После бега, после «взрывов» Николай Иванович присаживался у порога в задумчивый перекур. На корточки. Как-то сразу слеп – словно уходил из этой комнаты совсем… И казалось Витьке, что глаза отца сейчас т а м – на фронте. Где-нибудь под Москвой… или в Сталинграде… А может, тихо идут по госпиталям… Казалось, что вот сейчас отец вернётся снова, глаза его озреют – и все услышат рассказ, какого ещё не бывало. Рассказ про войну. И рассказ этот, может, будет и страшным в начале, однако в конце будет весёлым, праздничным, победным…
Но отец никогда не рассказывал, как воевал. Спросишь – потреплет только по голове, улыбнётся грустно и… как отойдёт от тебя… Неужели нечего вспомнить? Нечего рассказать? Ведь у любой пивной только и слышишь: «…Наш батальон…» «Мы под Кенигсбергом…» Отец – ни трезвый, ни размягчённый вином… Почему?
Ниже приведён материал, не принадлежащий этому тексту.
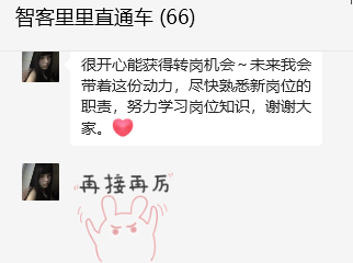 在评估了Ms Xie的综合能力、学习潜力和强烈意愿后,公司高度重视小伙伴的个人发展诉求,为她提供了宝贵的转岗机会——从售前组长转为运营助理!这意味着她将放下过往的舒适区,从新的起点重新出发。
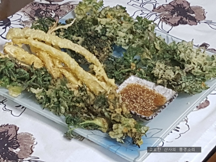 Este plato se prepara con el máximo cuidado para mi marido, quien trabaja incansablemente como candidato a la asamblea provincial. Se levanta temprano, termina el desayuno y se despide al salir al trabajo, interactuando activamente con los constituyentes para darse a conocer. Hace unos días, regresó a casa tarde y dijo: ‘¡Tengo hambre! ¡Hoy me apetece algo grasoso y frito!’. Aunque esa noche le preparé rápidamente algunos acompañamientos, al día siguiente decidí hacer tempura utilizando artemisa fresca, hierba de San Juan y raíz de flor de campanilla que había cosechado personalmente de nuestro jardín. Esta tempura, rebosante de la esencia de la primavera, ayudará a aliviar su fatiga y servirá como una comida satisfactoria. ¡Muestra a tu marido tu cálido afecto con esta tempura hecha con amor!
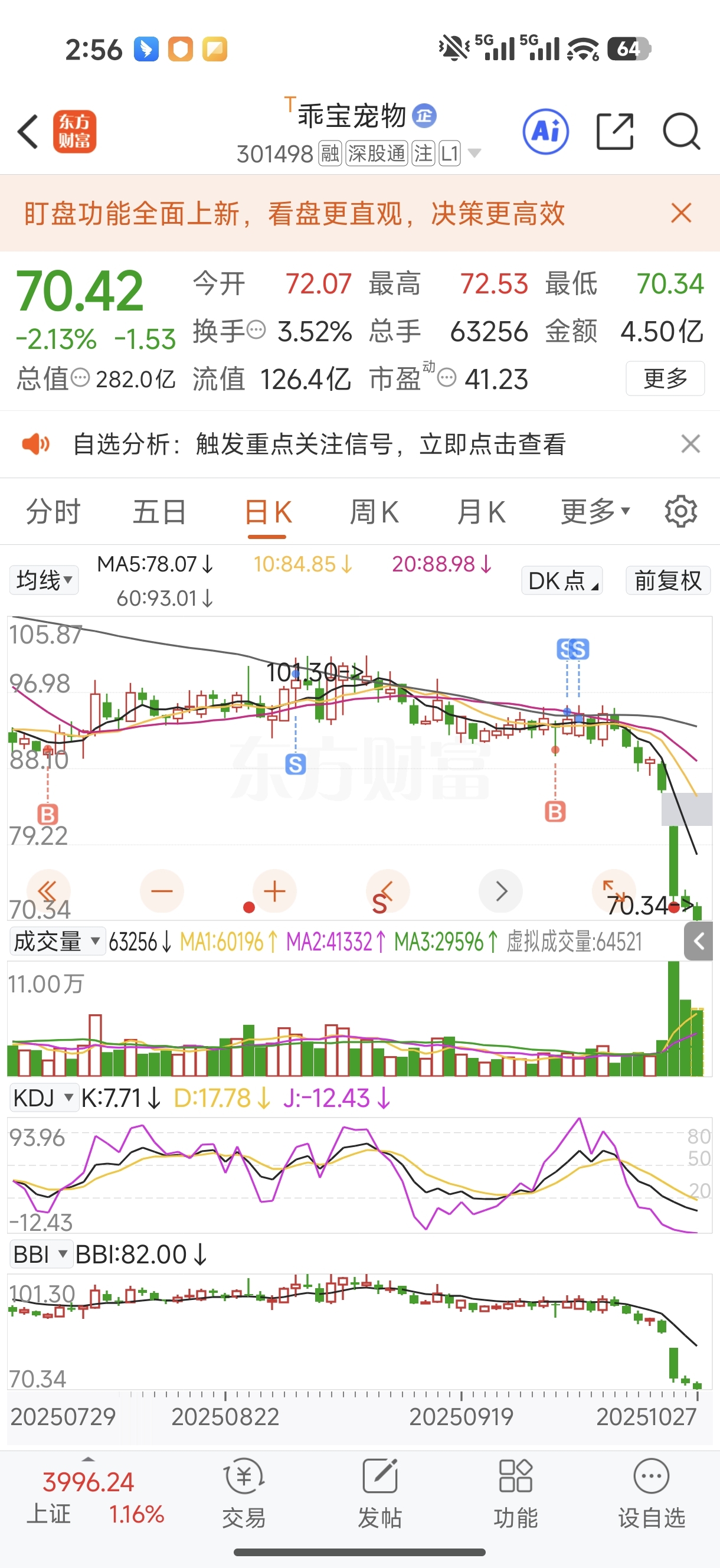 $乖宝宠物(SZ301498)$ 因为一直震荡不涨就给拍掉了,恰巧躲过一劫
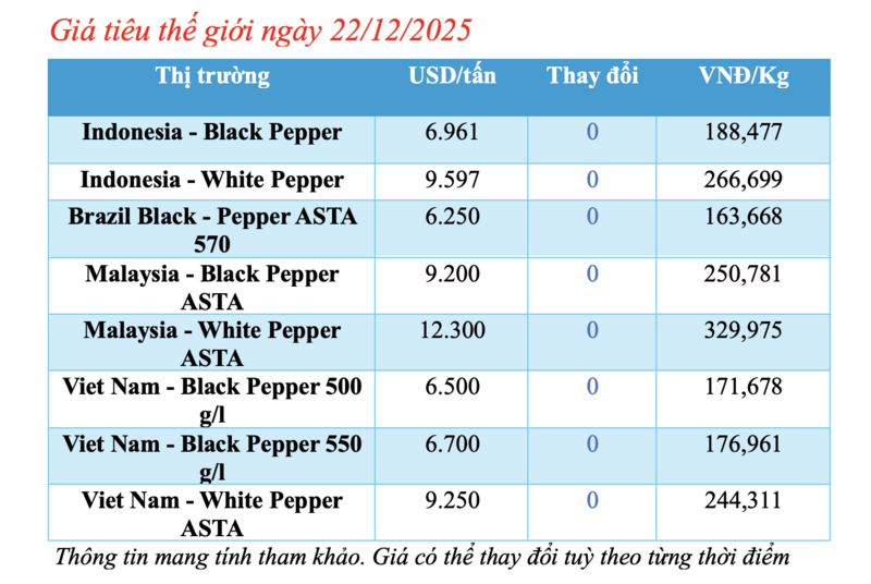 Cập nhật giá tiêu thế giới từ Hiệp hội Hồ tiêu Quốc tế (IPC) sáng 22/12/2025, hồ tiêu xuất khẩu hôm nay không ghi nhận biến động. Các thị trường đều ổn định giá so với phiên giao dịch hôm qua.
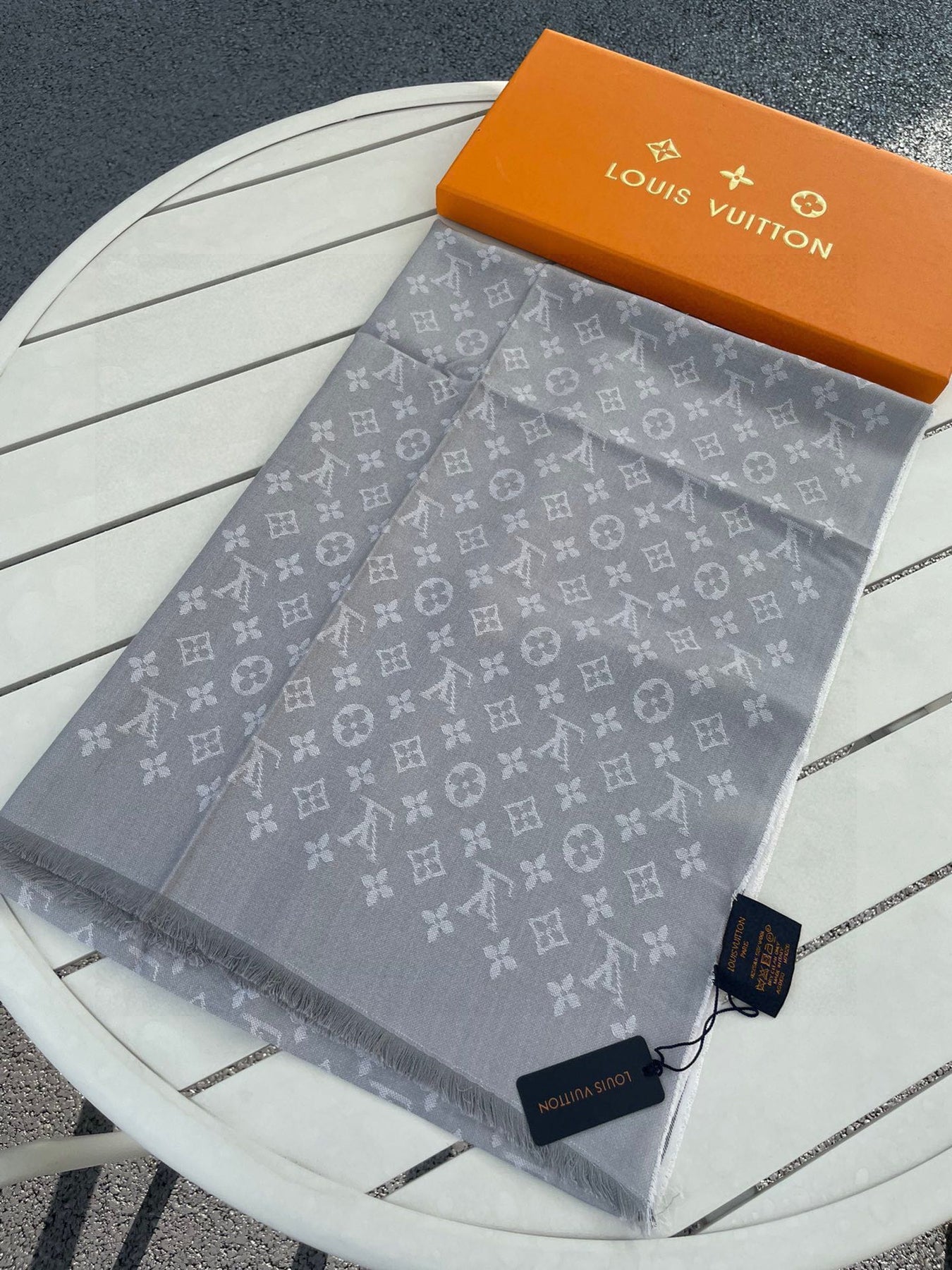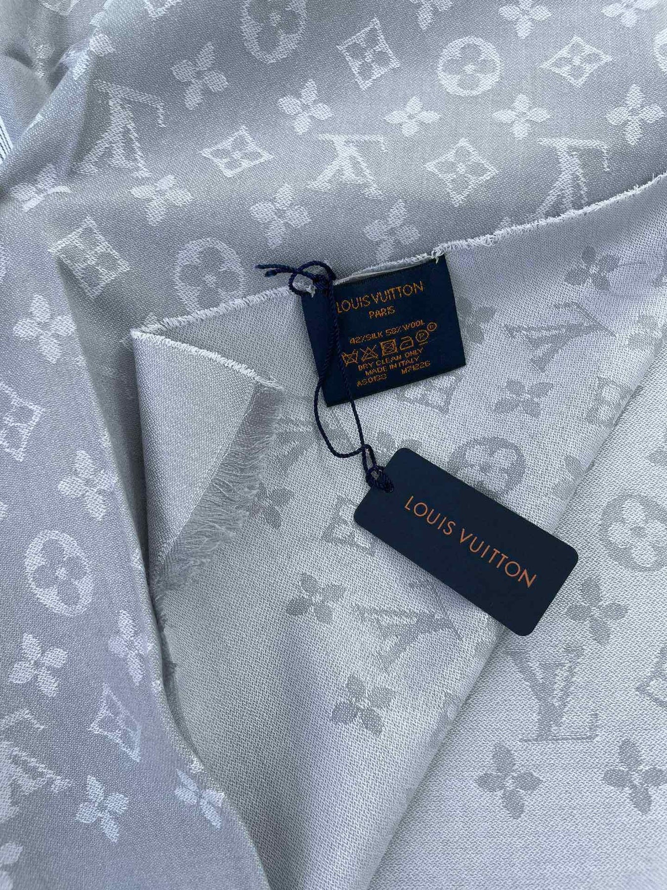 MONOGRAM SCARF 200 CM IN LIGHT GRAY CASHMERE AND SILK 388079
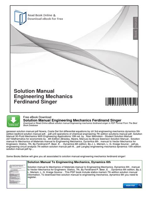 Download online ENGINEERING MECHANICS SINGER SOLUTION MANUAL Doc BookBoon
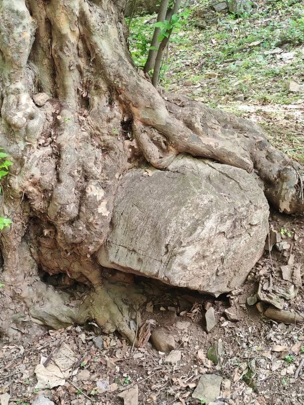 考察团的最后一站是位于皇藏峪国家森林公园的天门寺,这里保存了完整的佛教建筑和文化遗迹,展现了天门寺深厚的历史文化底蕴。师生们在这里参观寺庙建筑、佛像等文物。在欣赏奇石抱树的自然景观时,赵先生提到了苏轼的名画《木石图》(又名《枯木怪石图》),这幅画是苏轼任徐州太守时亲往萧县圣泉寺时所创作的一幅纸本墨笔画,在创作此画时,苏轼可能正处于人生的低谷,他以枯木怪石自喻,表达了自己坚韧不屈、傲然独立的精神风貌。
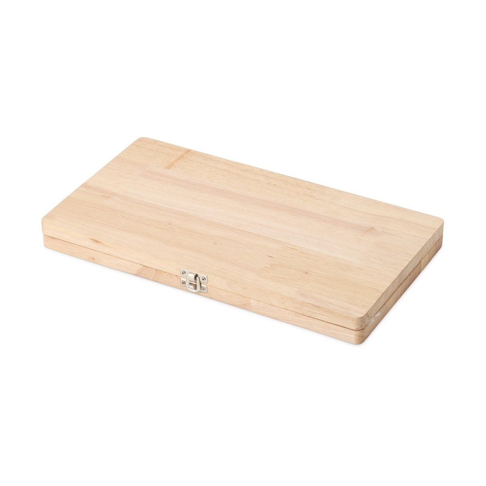 Descrição: Kit churrasco 4 peças em estojo de madeira. Contém três facas e um garfo.
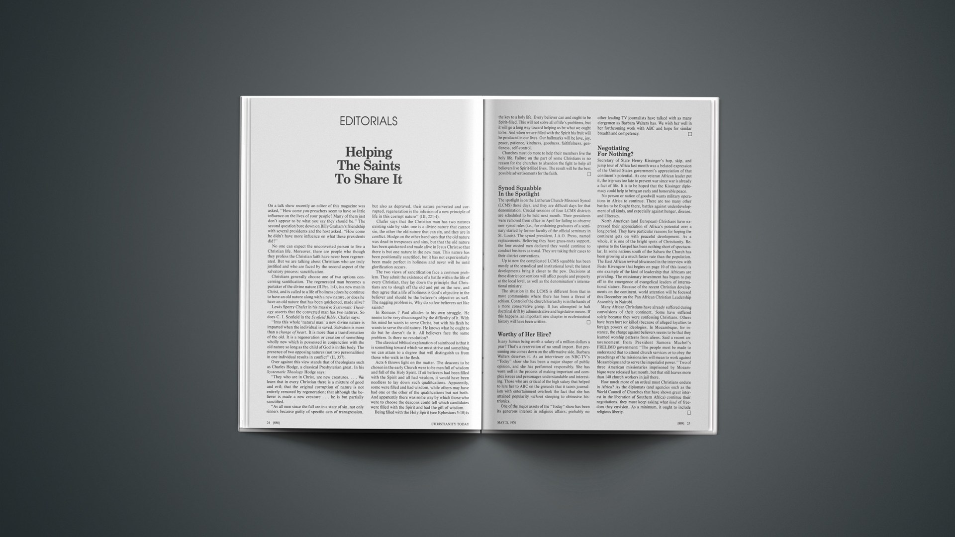 Many African Christians have already suffered during convulsions of their continent. Some have suffered solely because they were confessing Christians. Others have been hurt (or killed) because of alleged loyalties to foreign powers or ideologies. In Mozambique, for instance, the charge against believers seems to be that they learned worship patterns from aliens. Said a recent announcement from President Samora Machel’s FRELIMO government: “The people must be made to understand that to attend church services or to obey the preachings of the missionaries will mean to work against Mozambique and to serve the imperialist power.” Two of three American missionaries imprisoned by Mozambique were released last month, but that still leaves more than 140 church workers in jail there.
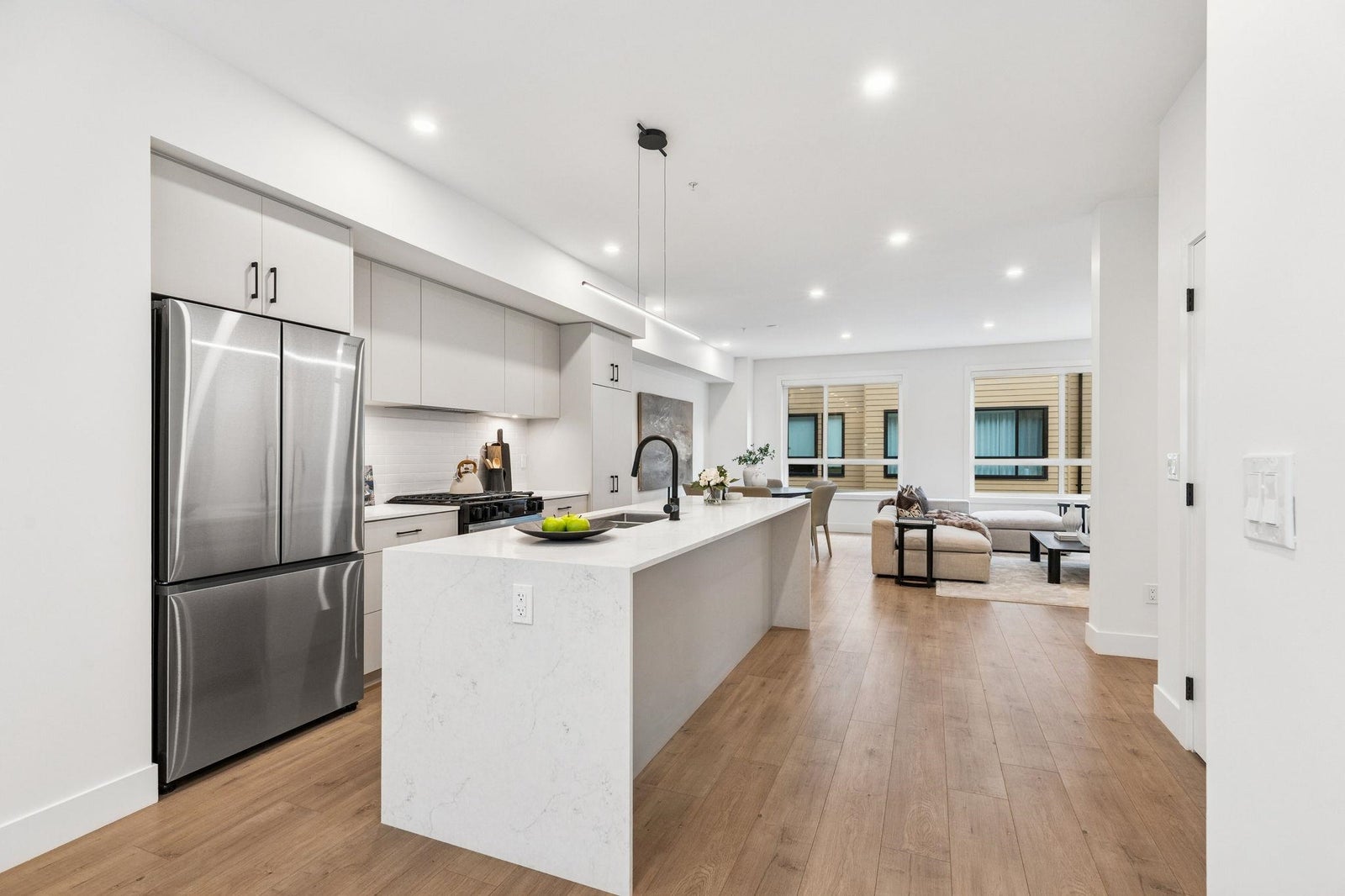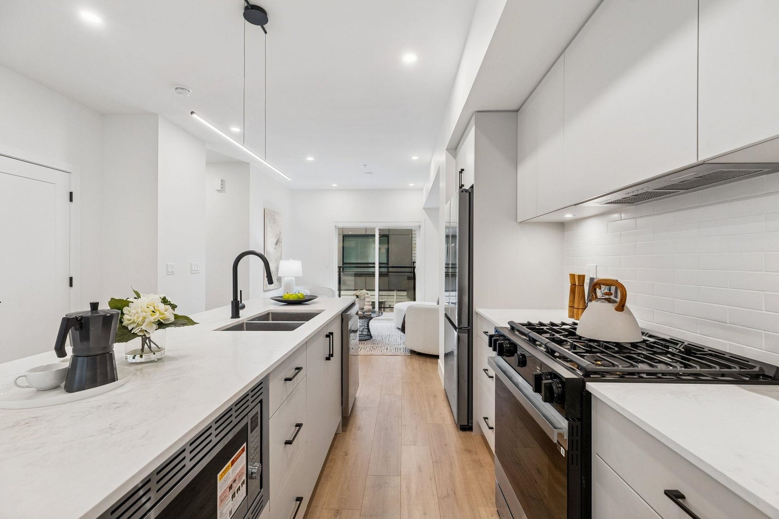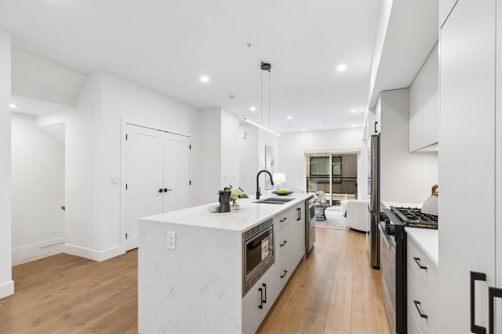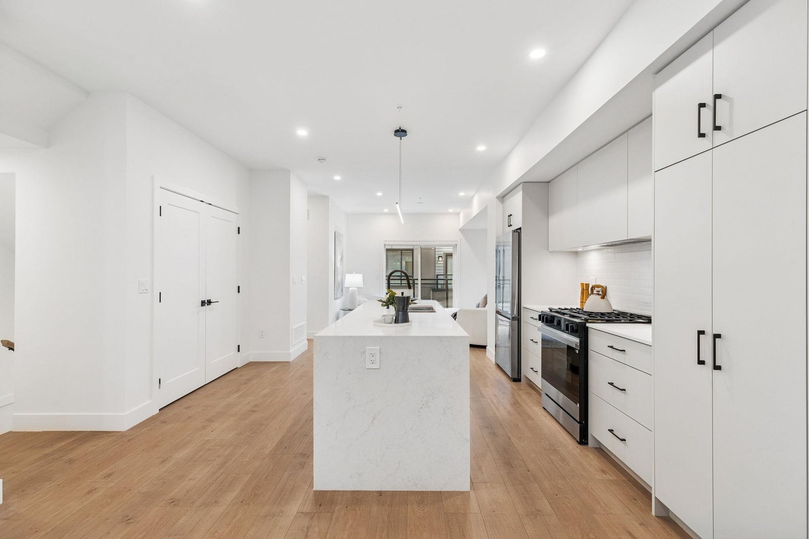 BRAND NEW 4 BEDROOM TOWNHOME WITH ROOFTOP DECK! This townhome features an open concept kitchen with sleek cabinetry, large kitchen island with quartz waterfall countertops, stainless steel appliances including gas range, flowing on durable laminate flooring into the spacious living and dining rooms and opens onto a patio with gas hookup. Appreciate 9' ceilings, forced air heating/air-conditioning and roller blinds throughout. Above is a primary suite with 4 piece ensuite and walk in closet as well as 2 additional spacious bedrooms and a shared bathroom with double vanity and side by side laundry. Below is an ensuited fourth bedroom with lock off potential. This home features a 663SF rooftop deck and double garage with EV charging! ***OPEN HOUSE: SUNDAY FEBRUARY 1 2-4PM***

Но однажды услышал Витька «про войну», услышал и запомнил на всю жизнь…
Уже на закате дня они переплыли паромом Иртыш на рыбалку с ночевой. Отец, дядя Лёша и Витька. Прошли вниз по течению, к Витькиным уловистым местам.
Наскоро надёргали чебачни, пескариков, сварили тощенькую уху, отхлебали, и в густой августовской ночи расположились на отдых у костра. Витька лениво вышуровывал палкой костровую мошкару, дядя Лёша держал над костром прутик; отец, сидя на пятках, задумчиво подёргивал из цигарки.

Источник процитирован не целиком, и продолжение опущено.